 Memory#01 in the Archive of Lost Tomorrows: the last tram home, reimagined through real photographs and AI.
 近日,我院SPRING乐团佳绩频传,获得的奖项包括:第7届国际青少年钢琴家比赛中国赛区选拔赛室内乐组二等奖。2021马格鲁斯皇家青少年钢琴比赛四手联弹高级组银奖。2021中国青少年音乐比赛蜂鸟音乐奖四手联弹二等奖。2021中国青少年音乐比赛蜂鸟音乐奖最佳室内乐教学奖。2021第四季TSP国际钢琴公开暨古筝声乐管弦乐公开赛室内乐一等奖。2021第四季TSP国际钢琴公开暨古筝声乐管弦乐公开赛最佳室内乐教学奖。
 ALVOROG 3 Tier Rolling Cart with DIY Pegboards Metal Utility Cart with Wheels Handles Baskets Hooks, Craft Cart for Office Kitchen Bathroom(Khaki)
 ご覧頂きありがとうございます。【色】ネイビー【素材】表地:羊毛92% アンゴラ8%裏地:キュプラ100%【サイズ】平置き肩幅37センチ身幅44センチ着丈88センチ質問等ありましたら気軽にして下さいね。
==
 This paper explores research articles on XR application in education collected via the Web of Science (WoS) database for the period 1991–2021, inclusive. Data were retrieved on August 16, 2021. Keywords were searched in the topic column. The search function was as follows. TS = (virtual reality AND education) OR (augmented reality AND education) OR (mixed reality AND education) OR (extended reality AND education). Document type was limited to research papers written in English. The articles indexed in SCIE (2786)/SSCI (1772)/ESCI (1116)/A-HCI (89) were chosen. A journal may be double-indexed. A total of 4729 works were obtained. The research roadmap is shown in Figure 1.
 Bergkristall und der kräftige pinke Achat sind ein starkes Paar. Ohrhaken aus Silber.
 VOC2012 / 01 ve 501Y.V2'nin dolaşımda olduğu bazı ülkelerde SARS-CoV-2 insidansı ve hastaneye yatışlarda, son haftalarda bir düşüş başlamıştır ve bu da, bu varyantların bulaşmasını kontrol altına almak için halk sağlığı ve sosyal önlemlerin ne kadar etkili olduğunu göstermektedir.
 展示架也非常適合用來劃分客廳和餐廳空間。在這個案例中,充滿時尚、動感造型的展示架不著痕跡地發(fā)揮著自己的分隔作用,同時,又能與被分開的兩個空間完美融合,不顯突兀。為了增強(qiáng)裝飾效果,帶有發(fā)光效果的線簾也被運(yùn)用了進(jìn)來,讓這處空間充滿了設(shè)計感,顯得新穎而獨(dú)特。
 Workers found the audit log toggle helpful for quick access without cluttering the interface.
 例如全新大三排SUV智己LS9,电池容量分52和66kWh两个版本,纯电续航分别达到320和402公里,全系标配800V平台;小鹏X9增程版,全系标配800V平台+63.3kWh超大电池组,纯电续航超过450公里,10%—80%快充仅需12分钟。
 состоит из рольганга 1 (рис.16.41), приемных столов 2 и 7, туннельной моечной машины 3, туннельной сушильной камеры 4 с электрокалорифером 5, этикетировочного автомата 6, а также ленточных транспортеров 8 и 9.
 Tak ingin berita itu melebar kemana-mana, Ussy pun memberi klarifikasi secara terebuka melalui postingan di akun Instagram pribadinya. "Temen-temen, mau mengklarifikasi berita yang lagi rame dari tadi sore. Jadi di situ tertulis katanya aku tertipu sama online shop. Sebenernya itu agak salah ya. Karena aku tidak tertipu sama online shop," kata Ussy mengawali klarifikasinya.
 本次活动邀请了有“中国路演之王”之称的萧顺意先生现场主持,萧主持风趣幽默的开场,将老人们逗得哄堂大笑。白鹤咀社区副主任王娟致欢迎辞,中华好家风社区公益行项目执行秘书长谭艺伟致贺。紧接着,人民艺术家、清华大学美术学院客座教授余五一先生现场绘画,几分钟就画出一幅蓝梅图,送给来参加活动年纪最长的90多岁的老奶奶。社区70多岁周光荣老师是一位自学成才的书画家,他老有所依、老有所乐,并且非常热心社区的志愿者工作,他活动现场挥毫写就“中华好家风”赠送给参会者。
---
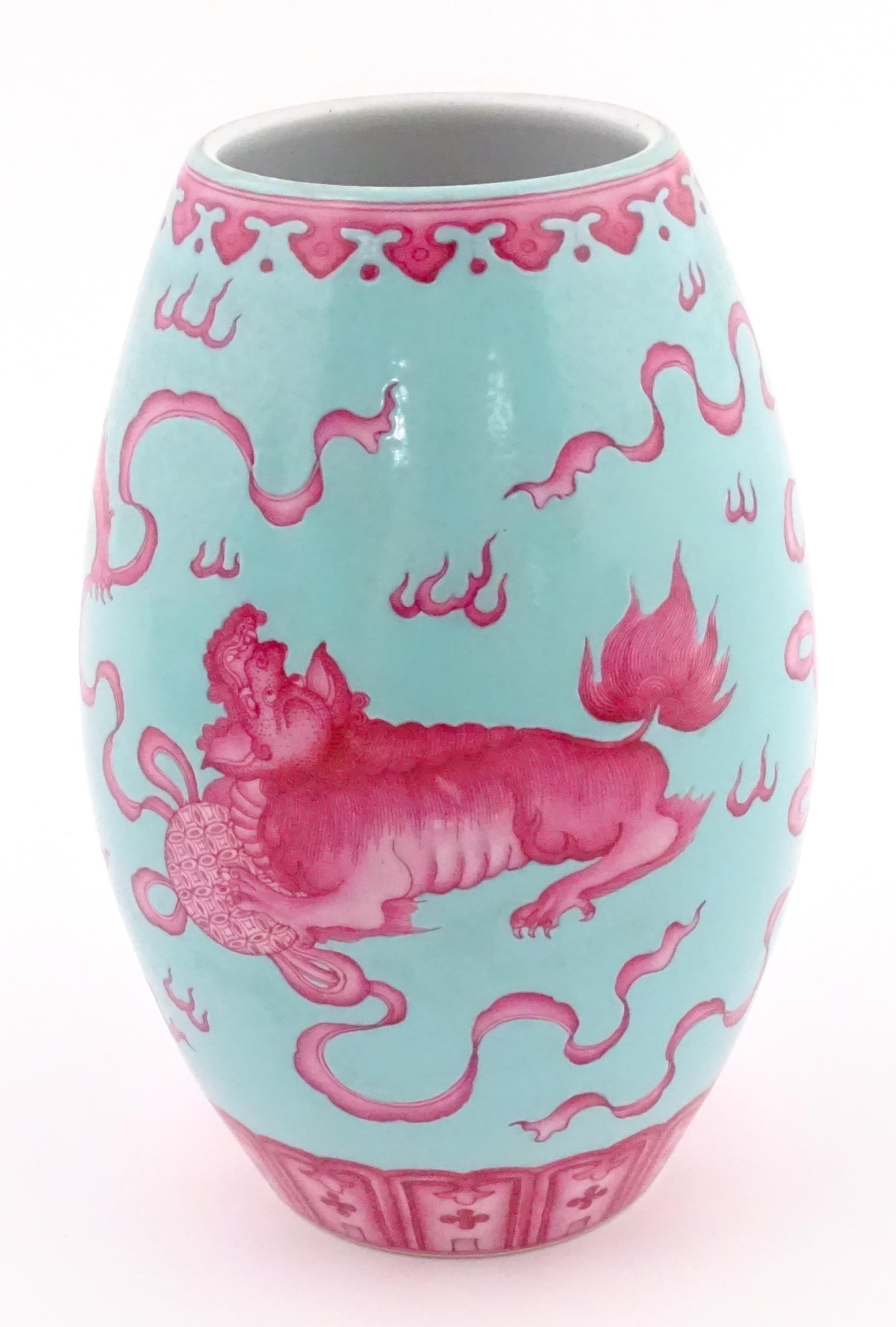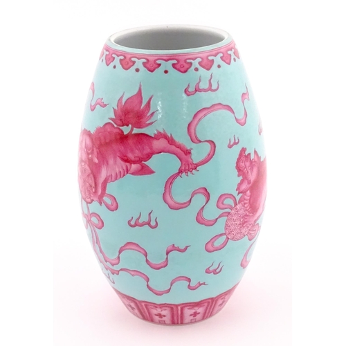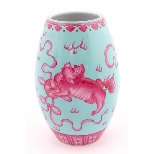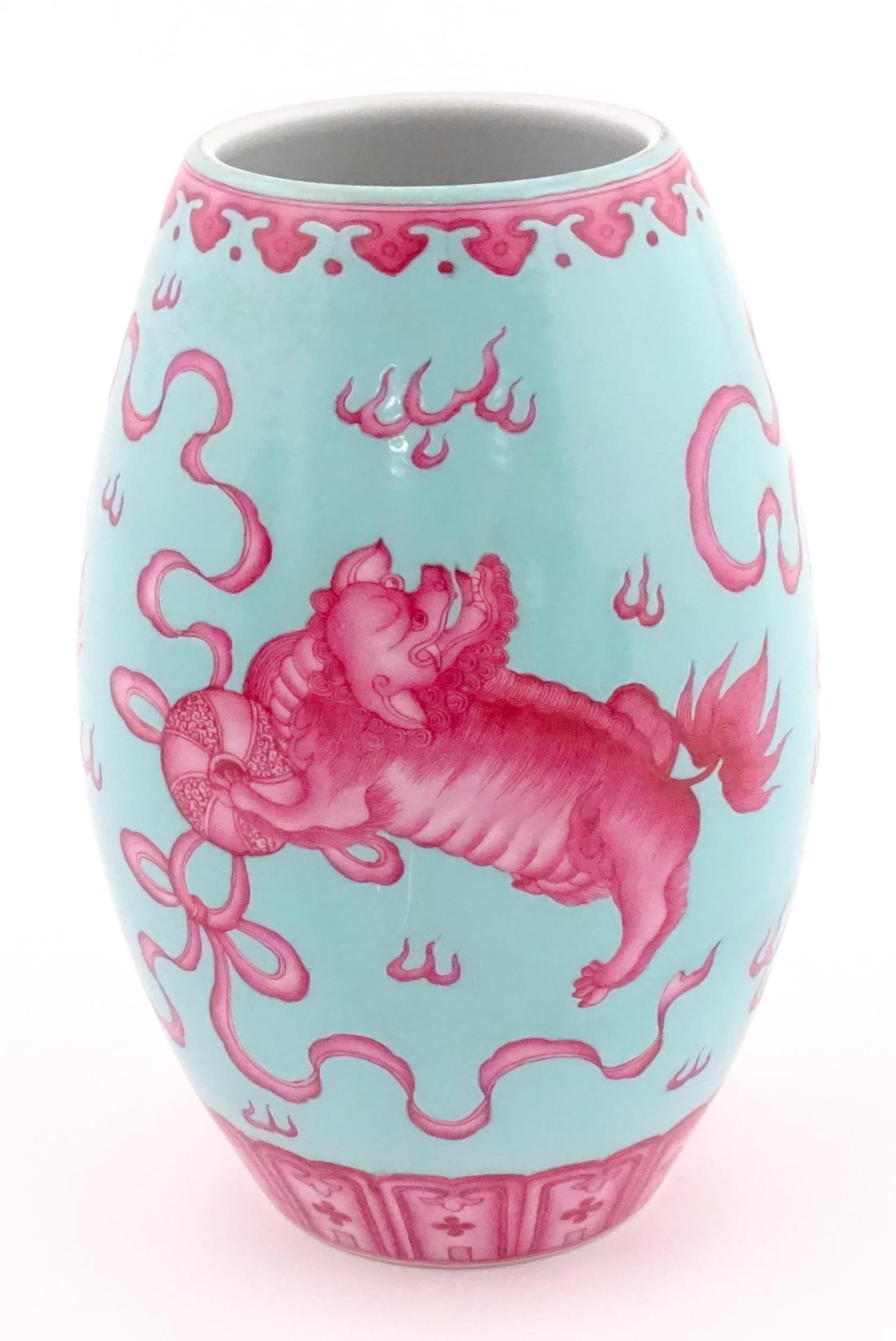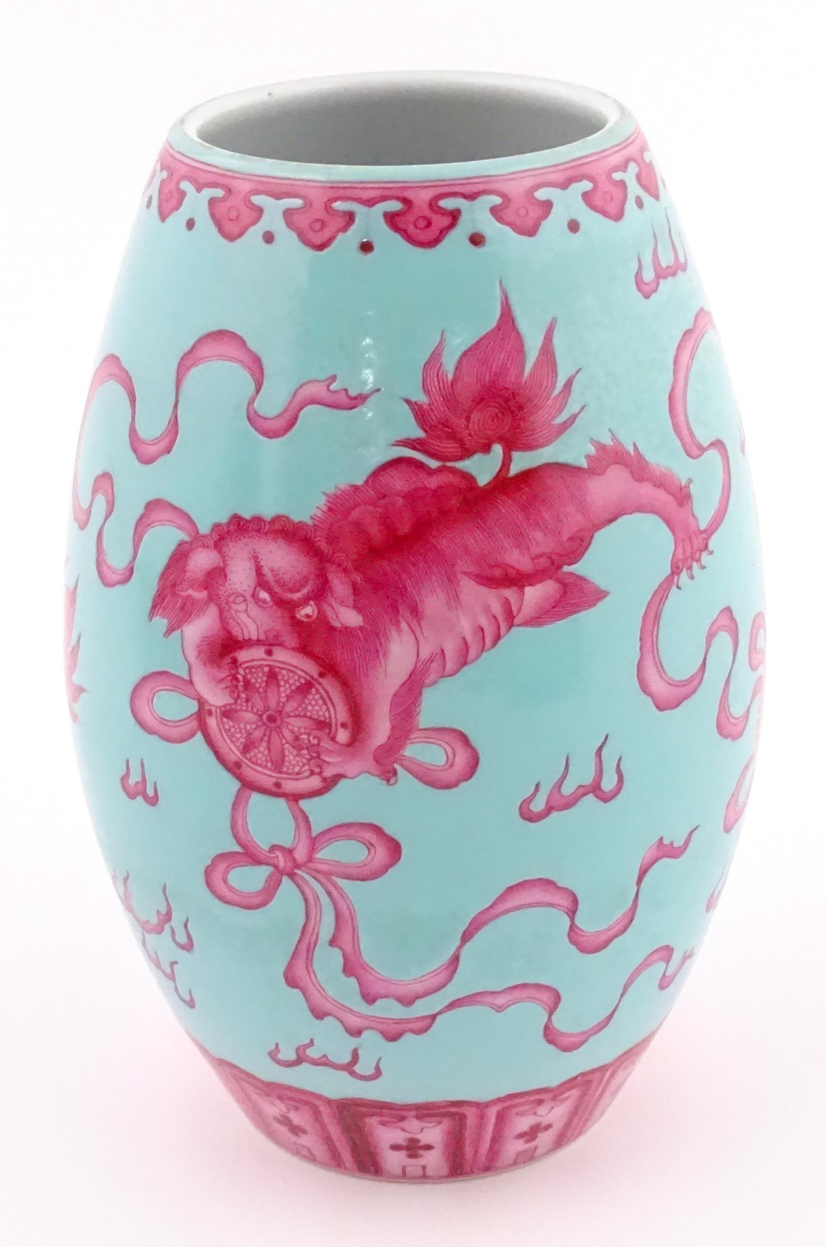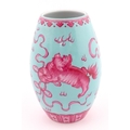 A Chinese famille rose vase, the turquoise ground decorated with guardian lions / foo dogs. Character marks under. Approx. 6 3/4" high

#### [WORK TO COMPLETE]
For this task, write out exactly the lines of the entries above, starting at the line with "ALVOROG 3 Tier" and ending at the line with "ご覧頂きありがとうございます", both included, and no others.

#### [RESPONSE TO THE TASK]
 ALVOROG 3 Tier Rolling Cart with DIY Pegboards Metal Utility Cart with Wheels Handles Baskets Hooks, Craft Cart for Office Kitchen Bathroom(Khaki)
 ご覧頂きありがとうございます。【色】ネイビー【素材】表地:羊毛92% アンゴラ8%裏地:キュプラ100%【サイズ】平置き肩幅37センチ身幅44センチ着丈88センチ質問等ありましたら気軽にして下さいね。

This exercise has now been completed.